Skip the pictures, and retype the data below in full, exactly.
-- Material provided follows --
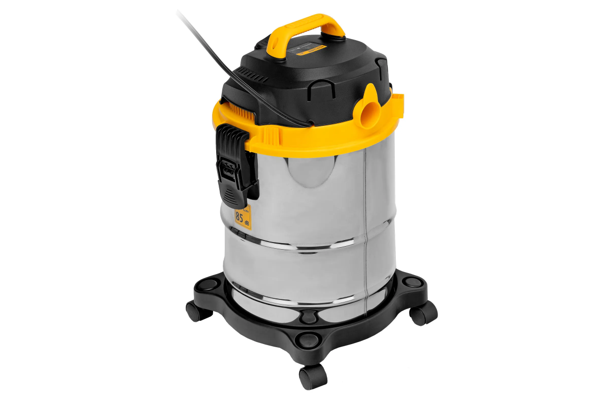Пылесос строительный Denzel SVC15 28201 мощностью 1200 Вт, с баком объемом 15 л и шлангом длиной 2 м, предназначен для уборки бетонной, кирпичной пыли, опилок, стружки, также предусмотрена функция сбора воды. Пылесос используется во время проведения строительных и ремонтных работ, будет полезен для поддержания чистоты в мастерской, гараже, производственном помещении.
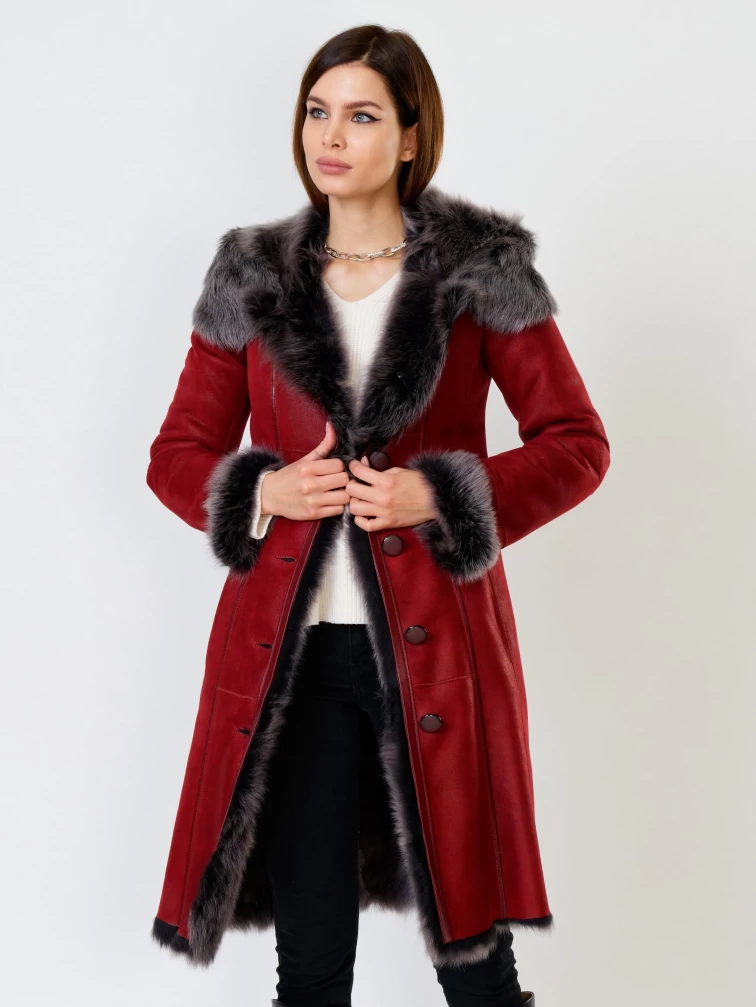 Длинная дублёнка с капюшоном из тосканской овчины. Роскошная полуприлегающая модель премиум-класса: густой нежнейший мех глубокого оттенк подарит королевское тепло даже в лютый мороз, а объёмный капюшон создаст уютный кокон от непогоды или элегантно ниспадет на плечи. Защитное покрытие убережёт от царапин, а идеальная посадка по фигуре, боковые карманы и длинный пояс подчеркнут силуэт — сочетайте с чёрными джинсами, вязаными платьями или кожаными брюками для безупречного зимнего образа! Преимущество: короткая длина, полуприлегающий крой - это мобильность для города и элегантность для вечера.
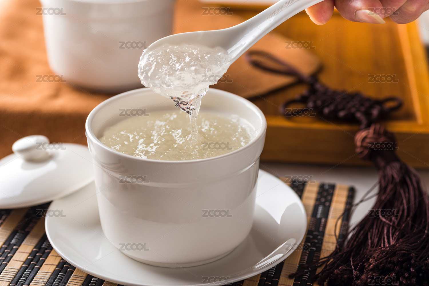 勺子舀起湯盅里的滋補(bǔ)佳品雪燕
-- Material provided concluded --
• _Response_
Пылесос строительный Denzel SVC15 28201 мощностью 1200 Вт, с баком объемом 15 л и шлангом длиной 2 м, предназначен для уборки бетонной, кирпичной пыли, опилок, стружки, также предусмотрена функция сбора воды. Пылесос используется во время проведения строительных и ремонтных работ, будет полезен для поддержания чистоты в мастерской, гараже, производственном помещении.
 Длинная дублёнка с капюшоном из тосканской овчины. Роскошная полуприлегающая модель премиум-класса: густой нежнейший мех глубокого оттенк подарит королевское тепло даже в лютый мороз, а объёмный капюшон создаст уютный кокон от непогоды или элегантно ниспадет на плечи. Защитное покрытие убережёт от царапин, а идеальная посадка по фигуре, боковые карманы и длинный пояс подчеркнут силуэт — сочетайте с чёрными джинсами, вязаными платьями или кожаными брюками для безупречного зимнего образа! Преимущество: короткая длина, полуприлегающий крой - это мобильность для города и элегантность для вечера.
 勺子舀起湯盅里的滋補(bǔ)佳品雪燕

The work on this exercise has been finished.